Capítulo 1
Cleo
“Mãe?”
Pisquei com força, trazendo minha atenção de volta para a rodovia encharcada de chuva que se estendia infinitamente à nossa frente.
“Oi, meu bem?”, perguntei baixinho.
“Estamos chegando?”
A voz sonolenta de Tommy veio do banco de trás. Olhei para ele pelo retrovisor e senti a dor habitual se espalhar pelo meu peito. Seu cabelo loiro-escuro estava todo arrepiado por ter dormido encostado na porta do carro, e seu rostinho ainda estava inchado pelo cochilo.
O rosto de Wade. Às vezes, olhar para Tommy doía tanto que me roubava o ar dos pulmões.
“Quase”, menti com ternura. “Mais trinta minutos.”
Ao lado dele, Skylar bufou baixinho.
“Você disse isso há uma hora.”
Sorri, apesar de mim mesma.
“Não disse não.”
“Disse sim.”
Tommy soltou um gemido dramático. “Estou morrendo de fome.”
“Tem uma lanchonete logo ali”, prometi. “Vamos parar lá.”
Isso pareceu satisfazê-lo por mais alguns minutos.

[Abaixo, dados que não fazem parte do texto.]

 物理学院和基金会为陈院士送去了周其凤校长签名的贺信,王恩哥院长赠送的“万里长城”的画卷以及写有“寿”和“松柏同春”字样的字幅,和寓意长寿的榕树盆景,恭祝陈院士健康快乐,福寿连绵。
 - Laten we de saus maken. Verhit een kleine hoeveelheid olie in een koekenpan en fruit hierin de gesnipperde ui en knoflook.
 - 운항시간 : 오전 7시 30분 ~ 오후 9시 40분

A chuva batia ritmicamente contra o para-brisa, enquanto os limpadores chiavam em um ritmo que vinha me deixando louca nas últimas duas horas. Meus dedos apertaram o volante quando outra placa apareceu através da neblina.
Creek Wood – População 4.312
Cidade pequena. Recomeço. Vida nova.
Pelo menos, era isso que eu vivia repetindo para mim mesma. A verdade é que eu não fazia ideia do que estava fazendo. Três meses atrás, eu ainda tinha uma casa. Um marido. Estabilidade. Contas pagas em dia e um futuro que parecia seguro, mesmo que a vida nunca tivesse sido perfeita.

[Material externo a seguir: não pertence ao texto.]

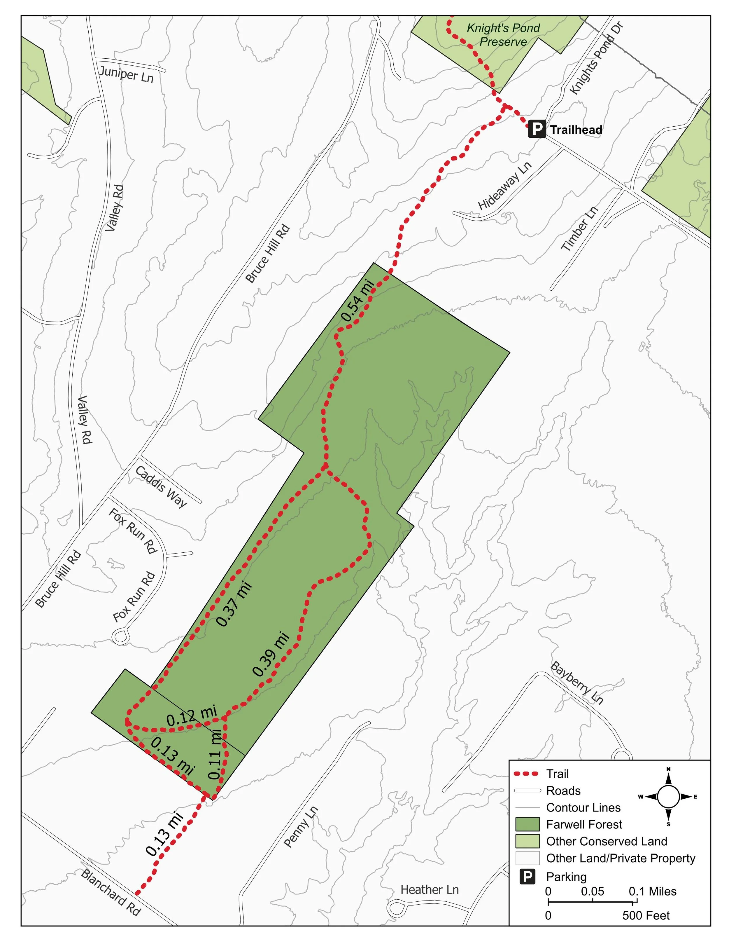 Farwell Forest lies between Blanchard Road and Knight’s Pond Preserve (Greely Road Extension) in Cumberland. Limited parking is available at the end of Greely Road Extension (see Google map below). Please be sure not to block the driveway to the house at the end of the road. If this area is full, visitors can park at the main Knight’s Pond parking lot and walk up Greely Road Extension to the trail at the end of the road. The property is also accessible (but there is no parking) from Blanchard Road along a right-of-way on the northeast side of Blanchard Road about 3/10 mile southeast of the intersection with Bruce Hill Road. The right-of-way follows the southeastern edge of a large field before linking to the trail network on the protected property.
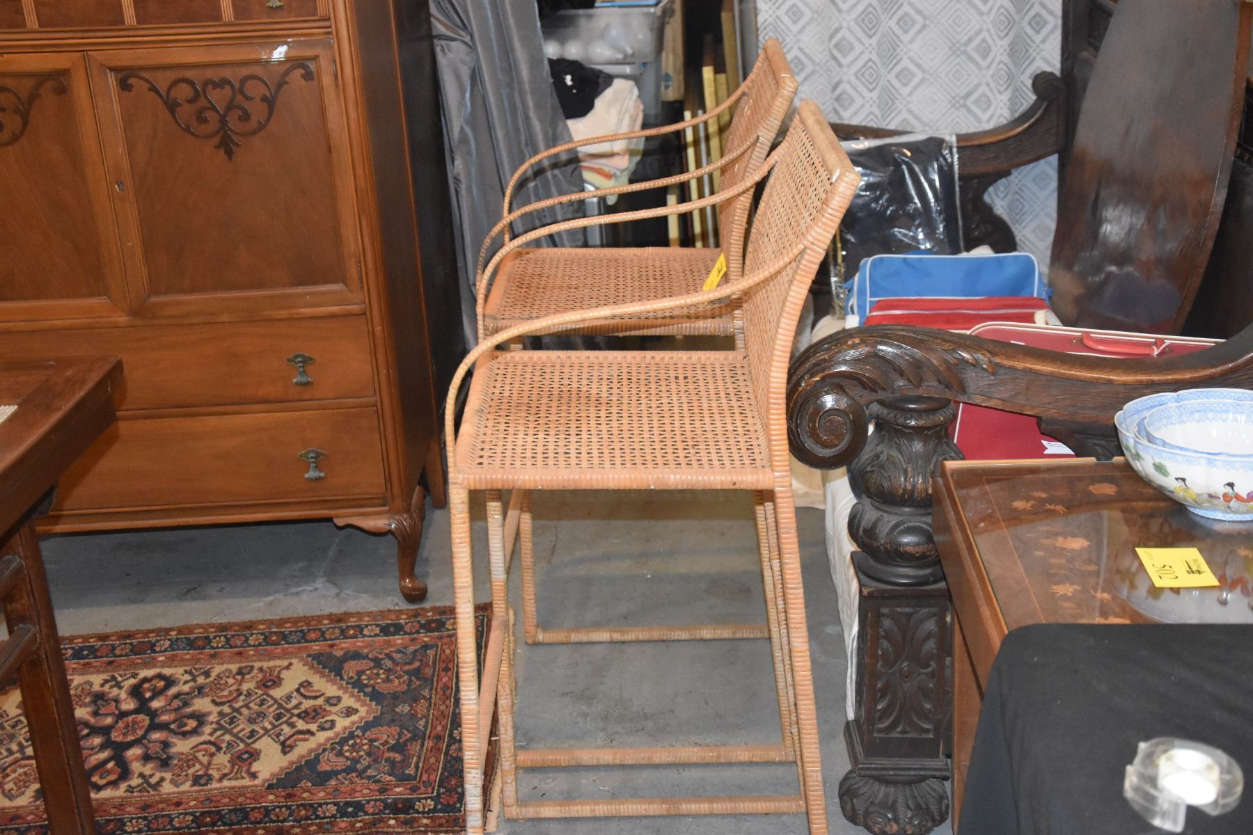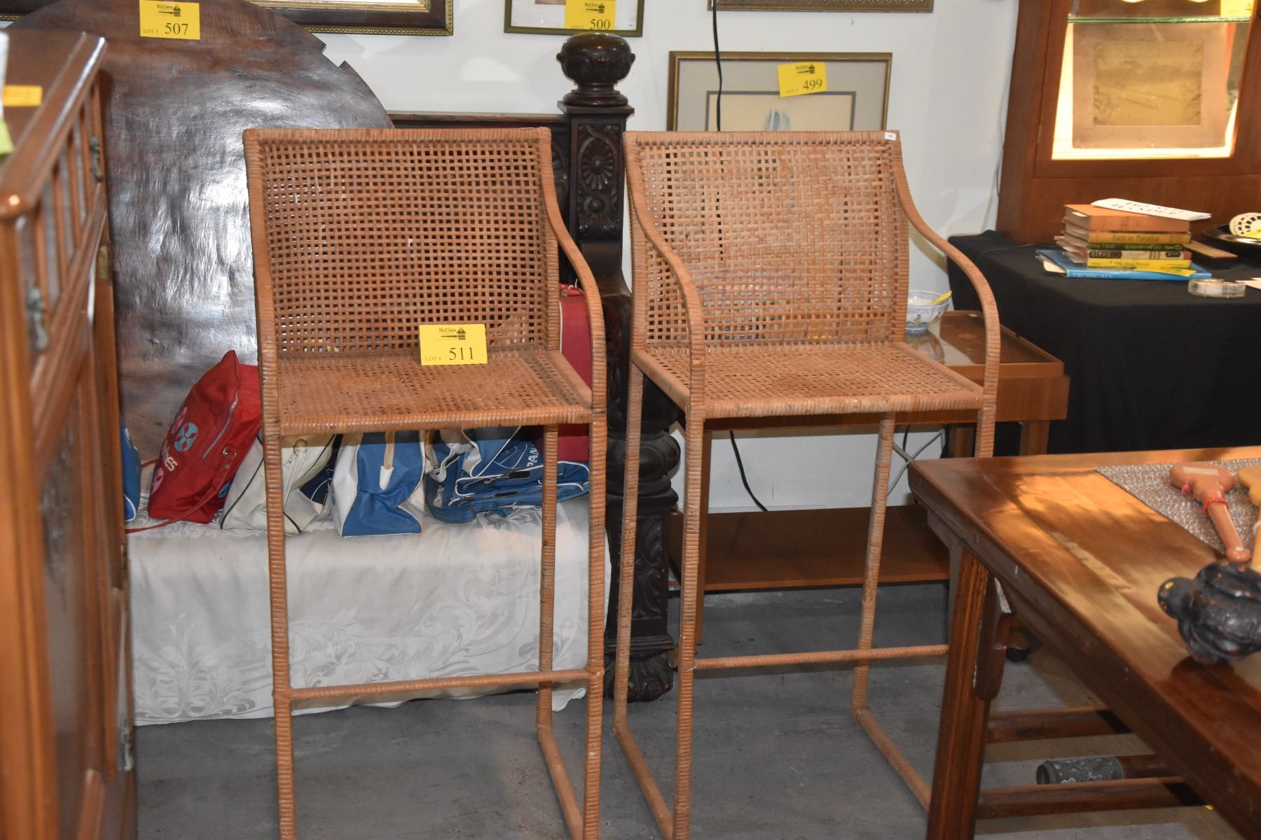 WICKER BAR STOOLS W/ARMS (PAIR)

Agora, tudo o que possuíamos estava amontoado no meu Honda caindo aos pedaços, eu tinha dez mil dólares de dívida nas costas e meus filhos dependiam de mim para que eu os mantivesse unidos, embora, na maioria dos dias, eu mal conseguisse respirar.

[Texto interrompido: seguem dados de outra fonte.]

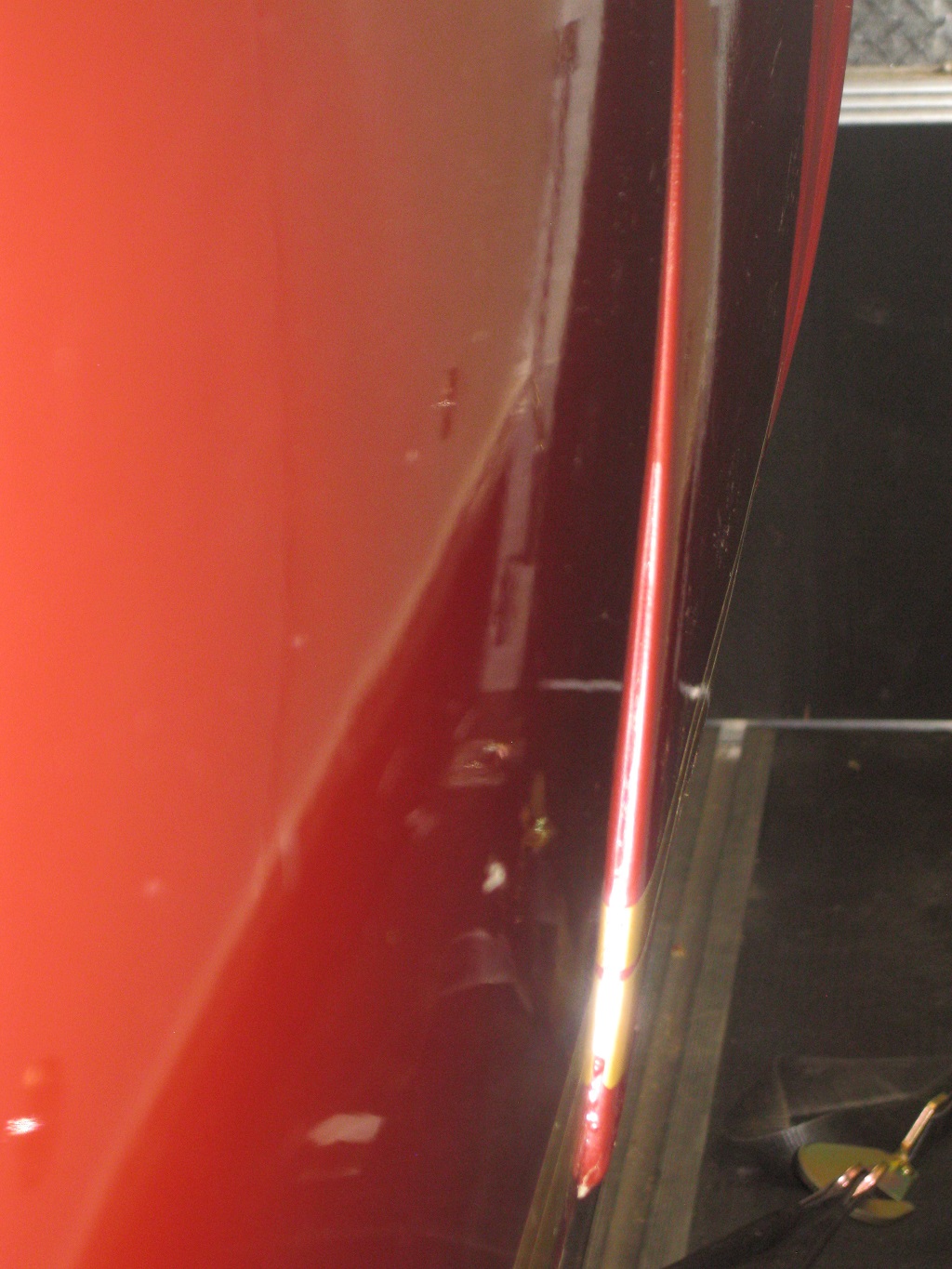 I'm thinking if the car won't cost much to straighten maybe I could still have you do some of the work that I'm not competent to do (well, that would be all of it, but you know what I mean...). I'm trying to figure what it's going to take to fix it before I spend any more money on it (e.g., before ordering panels from RD). Here are the requested photos and then some, hot off the press. Driver's side wheel well. I had a friend look at it and he thought he saw a small kink that I've circled in red (there is a vertical crack in the undercoating that's hard to see in the pic), but it really doesn't look like a kink to me (but what do I know). ![]() ![]() ![]() Passenger side wheel well: ![]() ![]() ![]() Another shot of the underside. You can really see in this one the difference relative to the trunk floor and if that bracket were present on the passenger side how far off the hole would be (when looking at it imagine that the trunk floor and trans crossbrace are level). ![]() Here are some pics of the other trouble spots in terms of fit. The trunk lid is bent so in the two pics below I'm trying to hold it down with one hand and take the picture. The first pic is looking across from the passenger side at the line of the trunk on the driver's side fender. The fender doesn't quite match up. Looks like it bowed up when it was pushed in from the collision. ![]() This is looking from the driver's side at the passenger fender-trunk seam. Not as bad as the driver's side: ![]() Here's the bowing I was talking about at the driver's rear fender where it meets the door: Same on the passenger side: But the doors fit better at the front, suggesting to me that it can't be corrected by adjusting the door (but I've never tried adjusting the doors). Here's the driver's side door to front fender (I hadn't noticed before that it is a bit out): And here's the passenger door to front fender. It also appears to be a bit out but in real life it looks pretty good. As an aside, the front door gaps are perfect and I've used my support bars to bring the targa bar to windshield opening to spec (25 and 1/8"; it was 3/16 wide) which made the rear door gaps perfect as well. |
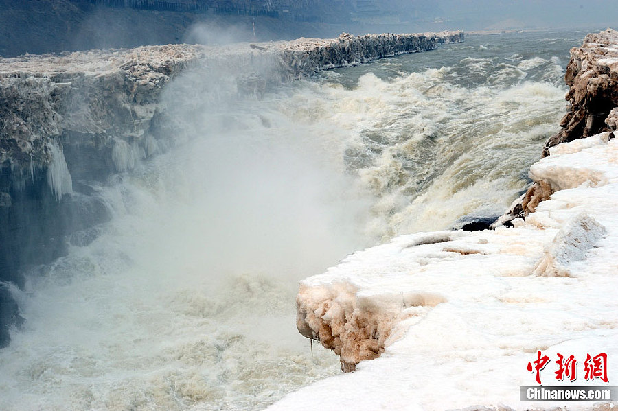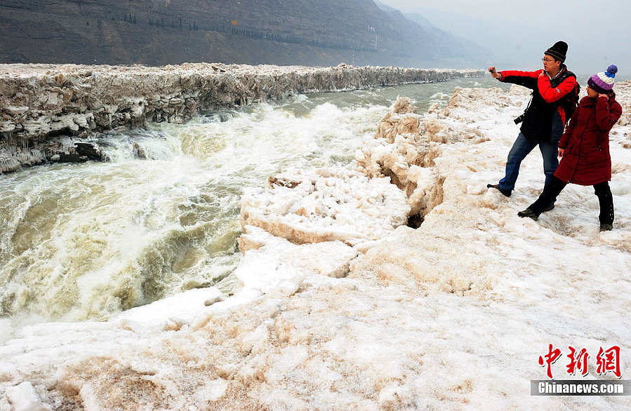 2月12日,來自西安游客站在吉縣一側(cè)黃河壺口冰封撕裂層面上拍照留念。近日,隨著氣溫的回升,封凍月余的黃河壺口瀑布開始消融,形成一條30多米長、10多米寬的壺槽,給初春的壺口瀑布帶來勃勃生機(jī)。中新社發(fā)袁景智 攝 圖片來源

A vida podia desmoronar assustadoramente rápido. Engoli em seco, sentindo um nó na garganta.
Wade tinha morrido há quatro meses, e em algumas manhãs eu ainda acordava tateando a cama à procura dele.
Ainda esperava que ele estivesse ao meu lado. Ainda ouvia sua risada na minha cabeça.
As pessoas gostam de agir como se o luto ficasse mais fácil depois que descobrem que alguém não era perfeito. Como se descobrir que Wade tinha problemas com apostas apagasse quinze anos de amor.
Não apagou. Só deixou tudo mais complicado, porque Wade não era um homem mau. Ele era meu melhor amigo.
Nós nos conhecemos quando tínhamos quatorze anos. Eu tinha acabado de ser jogada no meu sexto lar adotivo, carregando tudo o que tinha em dois sacos de lixo, com raiva do mundo e exausta de fingir que não estava com medo o tempo todo. Wade era o garoto quieto sentado atrás da oficina mecânica, com o lábio cortado e as costelas machucadas, que dizia ter se ferido ao "cair da bicicleta".
Eu sabia a verdade. Crianças como nós sempre sabem. O pai de Wade era um alcoólatra abusivo.
Eu não tinha ninguém.
Sem pais.
Sem família.
Sem histórico.
Apenas um nome.
Maria.
Isso era tudo o que eu sabia sobre a mulher que me deu à luz antes de desaparecer para sempre.
Sem sobrenome.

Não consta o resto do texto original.